His heart was beating in time to the rapid patter of rain overhead as he ran through his plan of attack if Theron’s plan, as the other man had so casually put it, ‘went south’. Hangover completely forgotten, Waōthsige considered the best way to divert the impundulu or disable it. Too slow or too close to shore and it’d cause massive damage. It’d have been easier if it hadn’t been able to set up a storm, shore up its power, but he’d need to deal with that, too - bleed off the energy, try to channel it somewhere safe—
A crash as something smashed into the side of the plane near him sent Waōthsige leaping backwards, raw magical energy crackling in his palms as his adrenaline addled brain tried to channel it into a spell. Something thudded rapidly and repeatedly on the outside, and then a sudden shaft of sunlight illuminated Theron’s face peeking in the window. His words were occluded by the glass, but Waōthsige saw his lips shape the word ‘open’ followed by what he assumed were a number of choice swear words.

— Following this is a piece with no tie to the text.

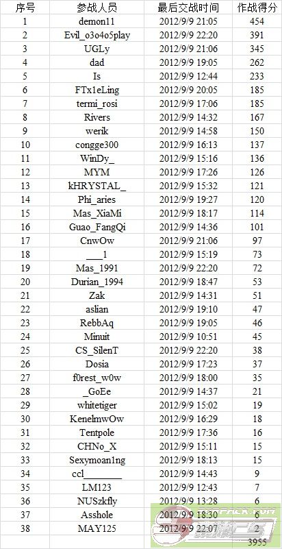 | -- 作者:demon11 -- 发布时间:2012-09-10 16:16:00 -- 9月9日H.E保卫战战绩奖励! 感谢大家,昨天打出3955分,创下战队混战服新得分纪录! 歇会来发奖励

By the time Waōthsige had managed to navigate the door release, Theron’s tirade of curses appeared to have been having some effect - patches of blue sky were peeking through grey clouds which were turning from ‘impenetrable wall’ to ‘tatty wisps’ - and the impundulu was nowhere to be seen.
Theron spilled through the door, more water than man if the puddle growing beneath him was any indication, and he coughed a spray of water before answering Waōthsige’s question.
“Course it worked,” he spluttered, laying on his back and waving one arm at the rapidly clearing sky. “My plan was perfect.”
“Hey, it worked! What did you do?” Alya’s voice echoed through the small space, as if making up for the absence of the storm with its volume.
“Why do you sound so surprised?! Rude!”
Waōthsige rolled his eyes and offered Theron a hand up. Already he could feel warmth stealing back into Theron’s fingers as he hauled the other man to his feet, and wondered if he’d packed any towels.
“We’re not surprised... Well, I’m not. But what did you do? I didn’t hear a fight or anything.”
Theron grinned smugly. “It’s headed home. I gave it a map.”